## Your assignment
Provide again, from the entries below, every line from the one containing "装备描述:22万潮主播号☀达" through the one containing "CUBIZ Anti-Slip Keyboard", exactly as written, and no other line.
START Available data
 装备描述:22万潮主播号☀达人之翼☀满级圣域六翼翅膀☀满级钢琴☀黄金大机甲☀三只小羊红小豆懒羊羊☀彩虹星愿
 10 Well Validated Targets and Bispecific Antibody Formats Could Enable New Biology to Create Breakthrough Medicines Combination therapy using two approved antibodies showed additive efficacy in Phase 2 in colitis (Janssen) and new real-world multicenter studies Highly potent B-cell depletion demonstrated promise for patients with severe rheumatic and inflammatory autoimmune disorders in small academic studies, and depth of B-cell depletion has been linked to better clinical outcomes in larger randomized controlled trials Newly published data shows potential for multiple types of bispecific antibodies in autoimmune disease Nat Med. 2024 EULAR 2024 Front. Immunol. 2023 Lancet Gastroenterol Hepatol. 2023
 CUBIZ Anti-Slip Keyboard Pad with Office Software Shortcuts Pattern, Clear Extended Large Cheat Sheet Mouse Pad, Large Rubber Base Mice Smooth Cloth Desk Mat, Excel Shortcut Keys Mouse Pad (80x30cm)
END Available data
START Available data
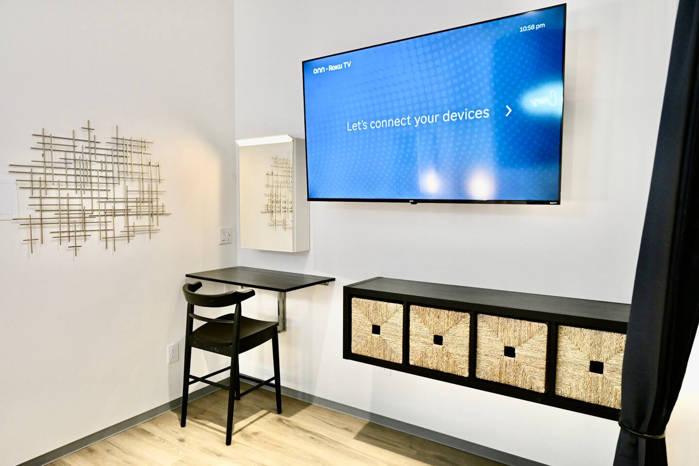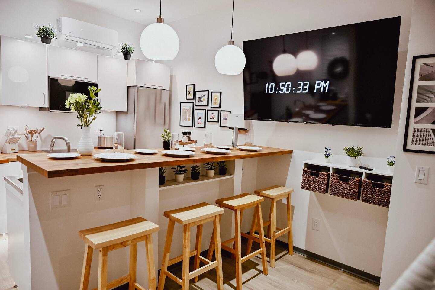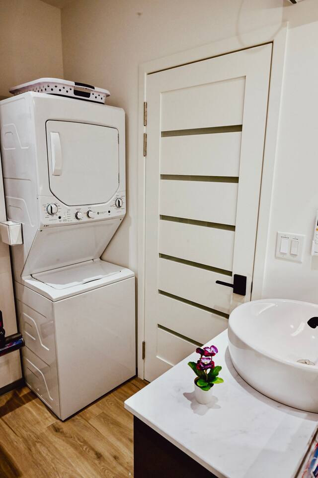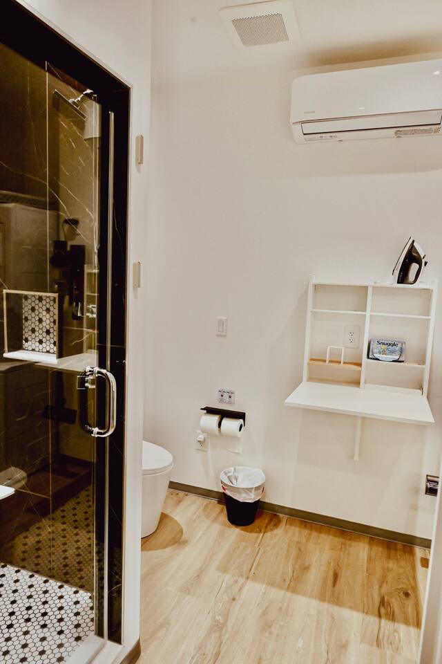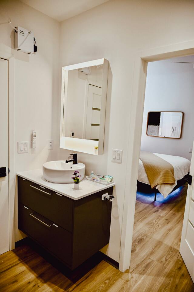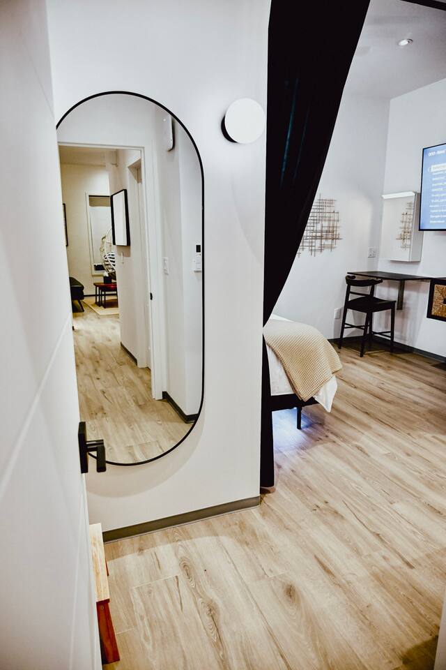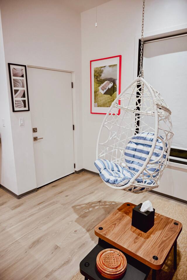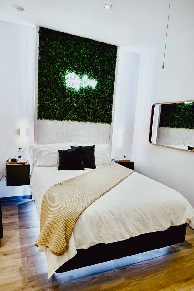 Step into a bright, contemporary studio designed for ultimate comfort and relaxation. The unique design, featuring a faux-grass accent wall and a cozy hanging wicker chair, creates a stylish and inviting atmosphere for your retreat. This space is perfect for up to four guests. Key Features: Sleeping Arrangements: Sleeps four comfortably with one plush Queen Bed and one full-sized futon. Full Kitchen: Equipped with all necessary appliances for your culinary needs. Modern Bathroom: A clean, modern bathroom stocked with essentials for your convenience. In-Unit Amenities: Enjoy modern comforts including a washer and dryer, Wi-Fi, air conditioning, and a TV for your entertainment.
END Available data
## Result of this task
 装备描述:22万潮主播号☀达人之翼☀满级圣域六翼翅膀☀满级钢琴☀黄金大机甲☀三只小羊红小豆懒羊羊☀彩虹星愿
 10 Well Validated Targets and Bispecific Antibody Formats Could Enable New Biology to Create Breakthrough Medicines Combination therapy using two approved antibodies showed additive efficacy in Phase 2 in colitis (Janssen) and new real-world multicenter studies Highly potent B-cell depletion demonstrated promise for patients with severe rheumatic and inflammatory autoimmune disorders in small academic studies, and depth of B-cell depletion has been linked to better clinical outcomes in larger randomized controlled trials Newly published data shows potential for multiple types of bispecific antibodies in autoimmune disease Nat Med. 2024 EULAR 2024 Front. Immunol. 2023 Lancet Gastroenterol Hepatol. 2023
 CUBIZ Anti-Slip Keyboard Pad with Office Software Shortcuts Pattern, Clear Extended Large Cheat Sheet Mouse Pad, Large Rubber Base Mice Smooth Cloth Desk Mat, Excel Shortcut Keys Mouse Pad (80x30cm)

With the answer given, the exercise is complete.